The news story below is from the UF George A. Smathers Libraries news blog and the Center for Latin American Studies on one of the new grants received for a digitization and digital humanities (digital scholarship) project to create an online Archive of Haitian Religion and Culture.


University of Florida’s Languages, Literatures and Cultures and the George A. Smathers Libraries Receive $240,804 National Endowment for the Humanities Grant Award: Online resource will create an Archive of Haitian Religion and Culture
University of Florida and Duke University researchers and librarians have spearheaded a collaborative partnership project which has been awarded $240,804 from the National Endowment for the Humanities (NEH). This is the second largest award in Florida (and one of only five major grants awarded in the state) and one of 244 nationally this year.
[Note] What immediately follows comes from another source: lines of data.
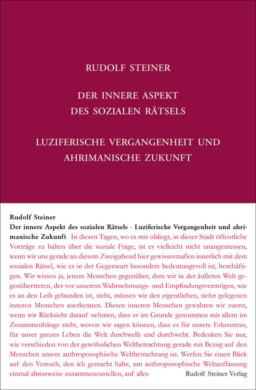 Inhalt (Auswahl): Der Mensch als Mittelpunkt des Universums / Die soziale Frage als Problem der Gesamtmenschheit / Irdisches Geistesleben und vorge...
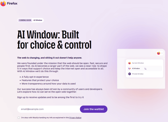 AIウィンドウは開発中の段階で、以下のリンク先からウェイトリストに登録すると最新情報を受け取れます。
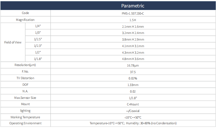 This Standard Telecentric Lens 1.5X, Max. sensor size 1/1.8", WD 230mm.
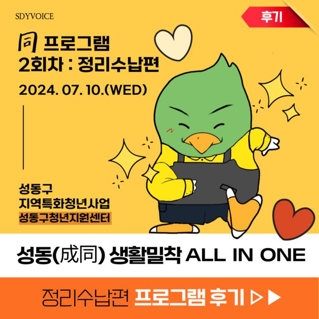 [지역특화 2회차 : 정리수납편 후기]안녕하세요? 성동구청년지원센터입니다.이번 7월 10일 수요일 '성동(成同) 생활밀착 all in one' : 同 프로그램의 두 번째 프로그램인 정리수납편을 진행해 후기를 가져왔습니다 XD이번 정리수납편에서는,[주거환경 개선을 위한 정리교육 특강]이라는 주제로,'각나오는 이선생님' 이은주 대표님과 함께하였는데요!정리를 잘 할수 있는 핵심 키워드 3가지를 필두로,공간별 정리법도 세분화하여 배워보고, 효과적...
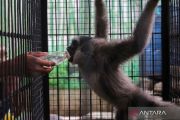 Petugas memberikan air minum kepada seekor Owa Jawa (Hylobates moloch) hasil serahan warga di Kantor Balai Besar Konservasi Sumber Daya Alam (BBKSDA) Jawa Barat Seksi Konservasi Wilayah I, Kota Serang, Banten, Selasa (4/11/2025). BBKSDA Jawa Barat Seksi Konservasi Wilayah I mengevakuasi primata dilindungi berjenis kelamin jantan berumur sekitar 1,5 tahun dengan berat sekitar dua kilogram tersebut dalam kondisi sehat yang kemudian akan direhabilitasi sebelum dilepasliarkan ke habitat asalnya. ANTARA FOTO/Angga Budhiyanto/nym.
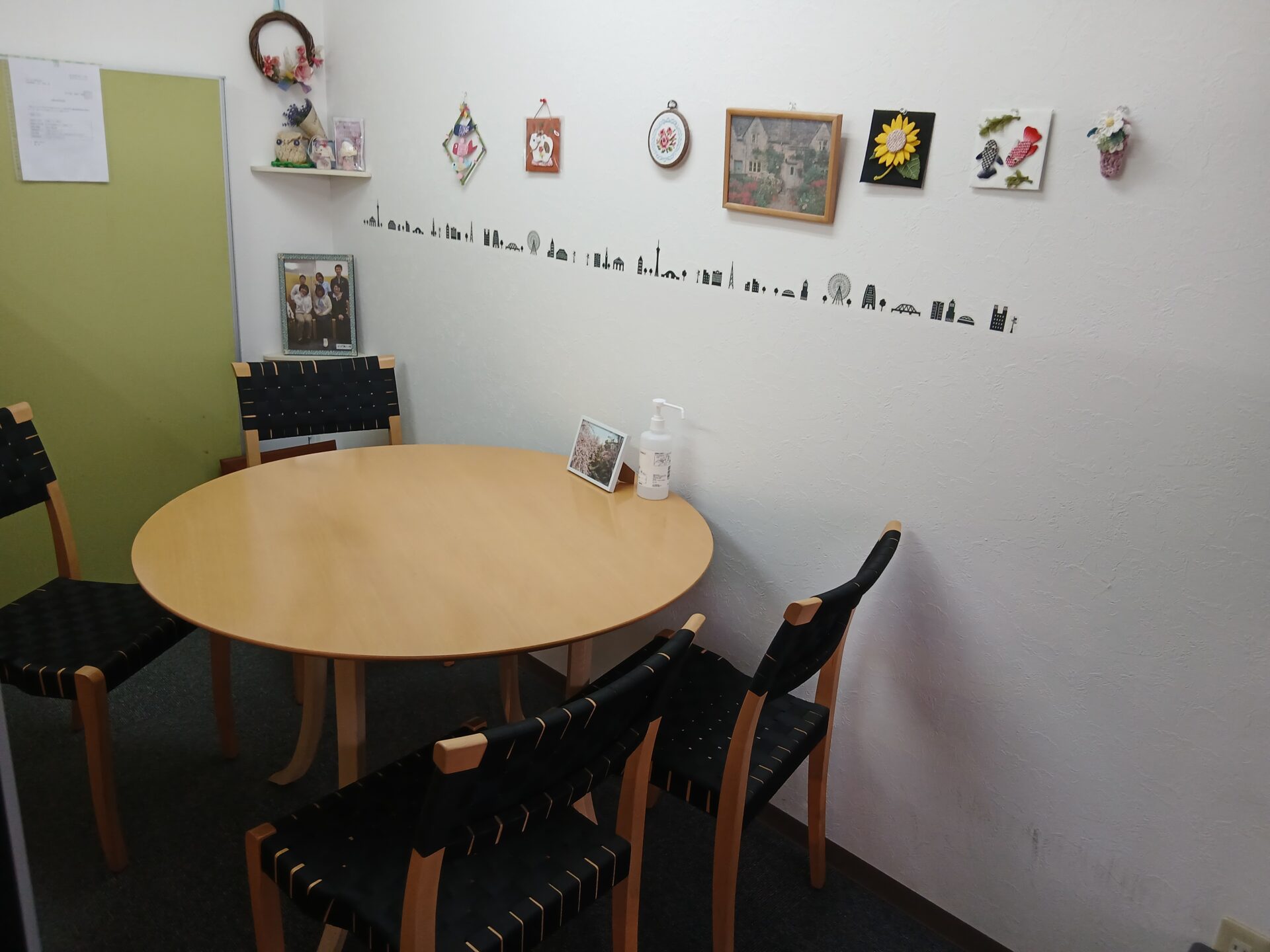白い壁には利用者様やご家族様が心を込めて作ってくださった素敵な作品や写真が飾られていて、
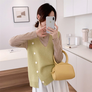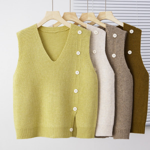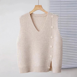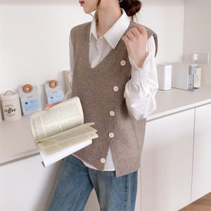 韩系秋冬针织马甲女设计感小众纽扣开叉马甲纯色时髦外穿毛衣背心

The Archive of Haitian Religion and Culture: Collaborative Research and Scholarship on Haiti and the Haitian Diaspora grant, led by project director Benjamin Hebblethwaite (UF) and co-director Laurent Dubois (Duke University) will improve the understanding of a central Haitian and Haitian-American spiritual tradition, the Vodou religion, by gathering audiovisual and textual sources of communities, by interpreting collected materials, by expanding holdings through a self-submission tool, and by diffusing knowledge via an open access digital library hosted within the existing Digital Library of the Caribbean (dLOC; www.dloc.com).  This three-year project will create a freely accessible multimedia digital library that uses audiovisual technologies to curate, elucidate and facilitate the advanced search of the rich primary materials of a central Haitian and Haitian-American spiritual tradition in order to promote discovery and educate a broad public.
Partnering with the researchers are the UF George A. Smathers Libraries, which are the technical host for Digital Library of the Caribbean (dLOC).  In addition to dLOC’s 29 international partners, the Archive of Haitian Religion and Culture includes collaboration from researchers at Duke University, University of Notre Dame, the Schrijversvakschool in the Netherlands, the Université des Antilles et de la Guyane, and City Lore, among others.
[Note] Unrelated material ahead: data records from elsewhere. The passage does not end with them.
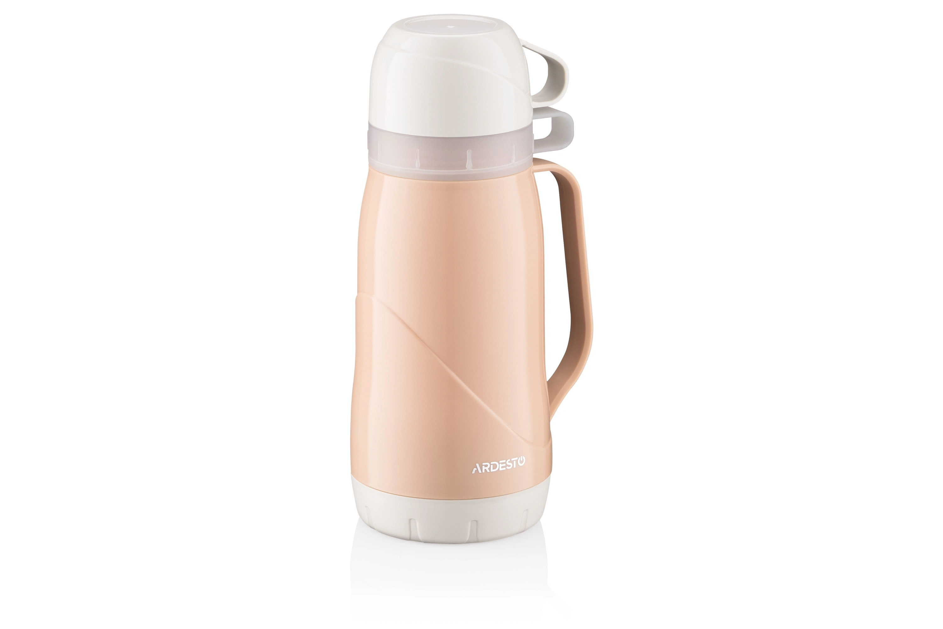 Термос ARDESTO Gemini Gourmet виготовлено з пластику пудрового кольору. Об’єм становить 1 000 мл. У комплекті 2 чашки. Скляна колба добре утримує тепло, не поглинає сторонніх запахів і не вступає в реакцію з продуктами. Термос оснащено кришкою з різьбою, що щільно прилягає, унеможливлюючи протікання та зберігаючи температуру гарячого та холодного напою 24 год. Догляд за посудом нескладний, проте мити в посудомийній машині не можна.
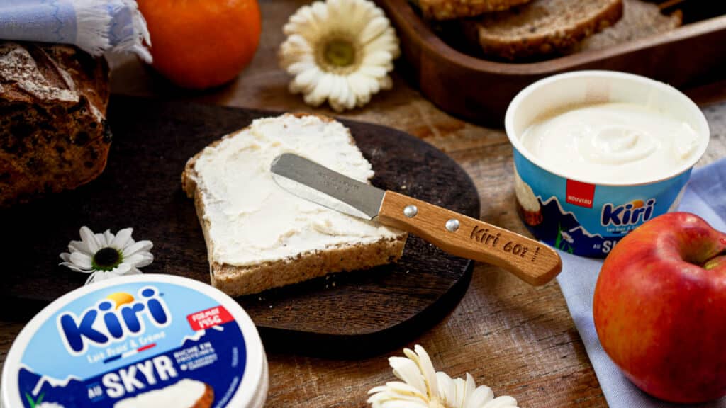 Avec Kiri au Skyr, la marque propose une nouvelle expérience à tartiner unique : toute l’onctuosité et le goût authentique de Kiri, subtilement équilibrés par la fraîcheur et la légère acidité du Skyr.
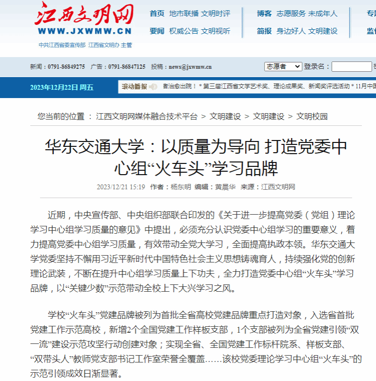 学校“火车头”党建品牌被列为首批全省高校党建品牌重点打造对象,入选省首批党建工作示范高校,新增2个全国党建工作样板支部,1个支部被列为全省党建引领“双一流”建设示范攻坚行动创建对象;实现全省、全国党建工作标杆院系、样板支部、“双带头人”教师党支部书记工作室荣誉全覆盖……该校党委理论学习中心组“火车头”的示范引领成效日渐显著。

In support of the grant application, Marilyn Graf of the Archives of Traditional Music at Indiana University, wrote: “The availability of this large body of work in a single location will dramatically improve access to these rare materials, a likely benefit to scholars in the fields of religion, ethnomusicology, history, anthropology, linguistics and African Diaspora studies.”
Albert Valdman, Rudy Professor Emeritus of French & Italian and Linguistics and the Director of the Creole Institute at Indiana University, added: “Ben Hebblethwaite directs by far the largest program in Haitian Studies in the United States, with a major emphasis on the teaching of the culture and language of Haiti, including to second generation members of the Haitian diaspora.”
Note: Ben Hebblethweite will speak on “Impacting Haitian Creole: A Language in Evolution”  for the Authors@UF series on Tuesday, October 16 at 2:00 pm in the Latin American Collection Reference Room, 4th floor of Smathers Library.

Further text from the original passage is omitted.